ASP.NET 2.0 の新機能

ASP.NET は、強力で高パフォーマンスなデータ ドリブン Web アプリケーションの構築に使用される優れたツールのセットです。ASP.NET 2.0 (ASP.NET の次のメジャー リリース) では、生産性を向上し、Web サイトを管理しやすくし、Web サイトのスケーラビリティとパフォーマンスを向上させることにより、ASP.NET の機能向上が行われています。

ASP.NET の次のリリースには、開発者の生産性を高める重要な新しい機能が含まれています。ASP.NET 2.0 では、45 個を超える新しいコントロールを使用して、従来より少ないコードと時間で、従来より強力な Web アプリケーションを構築できます。マスタ ページおよびテーマのサポートによって、ASP.NET 2.0 では、共通のページ レイアウトを持ち、共通の内容を含み、一貫したルック アンド フィールを持つアプリケーションの構築が簡単になります。

ASP.NET 2.0 は従来より強力な Web アプリケーションの開発を簡単にするだけではなく、実稼動状態になった後のアプリケーションの管理も簡単にします。ASP.NET 2.0 には、アプリケーションの配置、構成、および監視に使用する新しいツールが含まれます。まとめると、これらのツールを使用して、従来より信頼性が高く、管理しやすい Web アプリケーションを構築できます。

最後に、ASP.NET 2.0 には、実稼動 Web アプリケーションのスケーラビリティとパフォーマンスを向上させるための新しい機能が含まれます。ASP.NET 2.0 では、顧客の要求に対応するスケーラビリティを持つ、従来より柔軟な Web サイトを作成できます。

開発者の生産性の向上 

従来より多くのことを従来より少ないコードで処理します。 ASP.NET 2.0 では、最も一般的なプログラミング 処理の多くが大幅に簡略化され、従来より強力な Web アプリケーションを従来より高速に構築できます。

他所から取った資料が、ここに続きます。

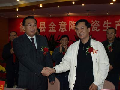 金意陶董事長兼總經(jīng)理何乾先生親率公司中高層人員60人赴德慶縣政府方面主辦的規(guī)格隆重的簽約儀式。在"節(jié)能減排"呼聲日益高漲的產(chǎn)業(yè)背景下,金意陶落戶廣東德慶事件被禪城區(qū)經(jīng)貿(mào)局副局長沈樹華同志喻為"靚女先嫁",因此簽約現(xiàn)場吸引了眾多新聞媒體到訪。

マスタ ページを使用した一般的なページ レイアウトの作成

ASP.NET 2.0 の新しい機能であるマスタ ページによって、Web アプリケーションの構築にかかる時間を大幅に削減できます。マスタ ページを利用すると、1 ページのテンプレートを作成し、そのテンプレートを 1 つのアプリケーション内の複数のページに対するベースとして使用できます。マスタ ページは、アプリケーション内の新しいページを個別に最初から構築しなくて済むようにします。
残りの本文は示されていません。